If your film is a comedy and you don’t hear people laughing – don’t despair! Smaller audiences are much less inclined to laugh out loud than big ones. The audience may well be amused; they’re just shy of showing it.

Be prepared for disapproval

The aim of all this is to throw rocks at your film to see if it will break. If it doesn’t: great! If it does: you know what needs fixing. If you can’t fix it, you at least know that you need to hide the problem or distract attention away from it. Know that some of the feedback you get will be unhelpful: why didn’t you make it ‘this’ sort of film rather than ‘that’ sort of film? I thought the lead actor was wrong. I just thought it was a bit dull, dunno why. Smile, nod, say thank you and forget it.

On the positive side, I know of a British feature where one of the post-production crew invited the members of their book group to the test screening; they had read the novel on which the film was based. One of them argued vociferously that the opening had been better in the book. In fact, they argued their case so persuasively that the opening was reshot as per the novel, in which form it can be seen today. The film went on to win many international prizes and was nominated for three Oscars.

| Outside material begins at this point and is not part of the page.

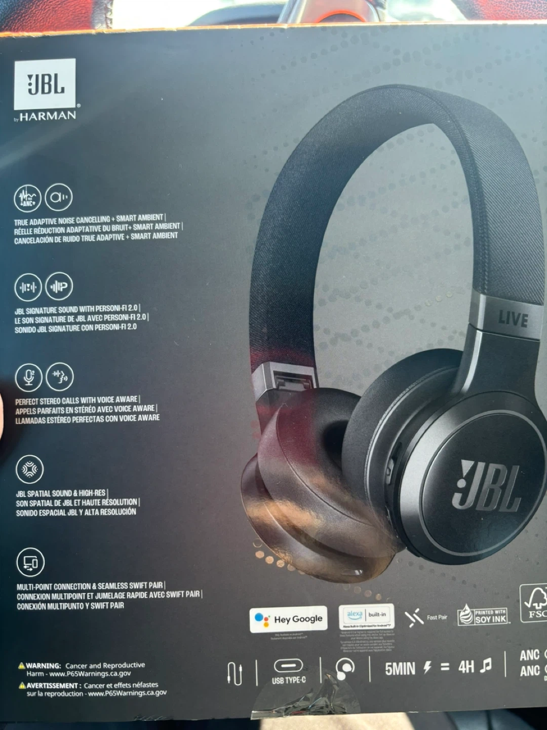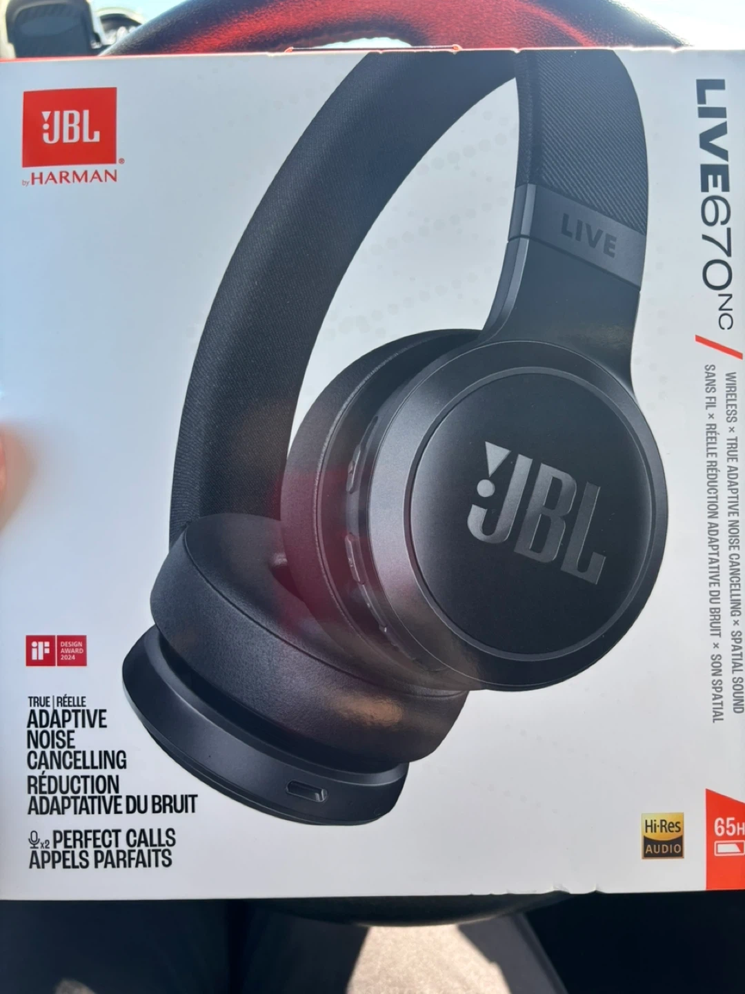 JBL LIVE 670NC wireless over-ear headphones with noise cancelling. They offer true adaptive noise cancelling and perfect stereo calls. Supports 5 minutes of charging for 4 hours of playback.

Of course you don’t have to act on the feedback you get, hell you don’t even have to put yourself through the whole process. Remember though: your film will be seen by an audience sooner or later, and you’re likely to find out what they think whether through reviews, feedback from festivals or online comments. Why not get criticism soon enough to do something about it?

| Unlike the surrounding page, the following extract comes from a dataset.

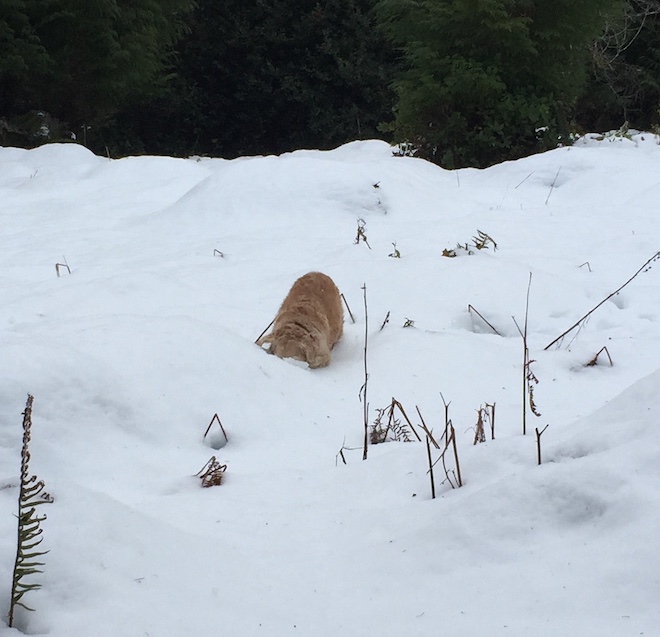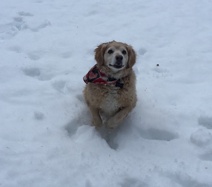 So, no ball hurling for her yesterday. Fine with Georgie. After a few minutes of confusion, wondering when the ball was going to appear, she happily started bounding through the snow (if stupid WordPress would still let me insert videos, you could see), rolling in it, sticking her face in…

Copyright Guy Ducker © 2011

5 thoughts on “Testing Testing

  1. Good points, well made. And hopefully the proof of its relevance will be in the pudding of my short film, which you kindly edited. Well, pudding may not be the best metaphor… Test screenings are like cod liver oil – you don’t exactly look forward to the experience buytboy are they good for you.

  2. Useful and well said. Thank you!
    In my experience the most important point above is to make sure the audience is the targeted one. A film simply cannot please everyone. In fact a film, as we know, can be one of the ‘best films of the year’, win the jury prize in Cannes and yet score 1/10 with the general public.
    For me, one pitfall is asking not too experienced viewers to ‘find the faults’… They will invariably try and do that, even if it means trying hard to find them.
    I would rather invite a group just ‘to see what they think’, and then after the screening really push them: they will watch it with a little more (important) distance, not so biased towards there necessarily being problems, and marring the viewing experience.
    Rightly or wrongly, I ignore any comment that has not been repeated at least once or twice by others.

    I actually love test screenings: they so often end up confirming the errors you already knew of, but just couldn’t face up to, or couldn’t articulate.
    Also, being forced to watch it with other people gives a completely new set of eyes and ears to its maker, and faults scream out like they never have done before.
    It’s like in psychiatry, only YOU can know and decide what is true about yourself. The doctor is only there to help pinpoint these truths.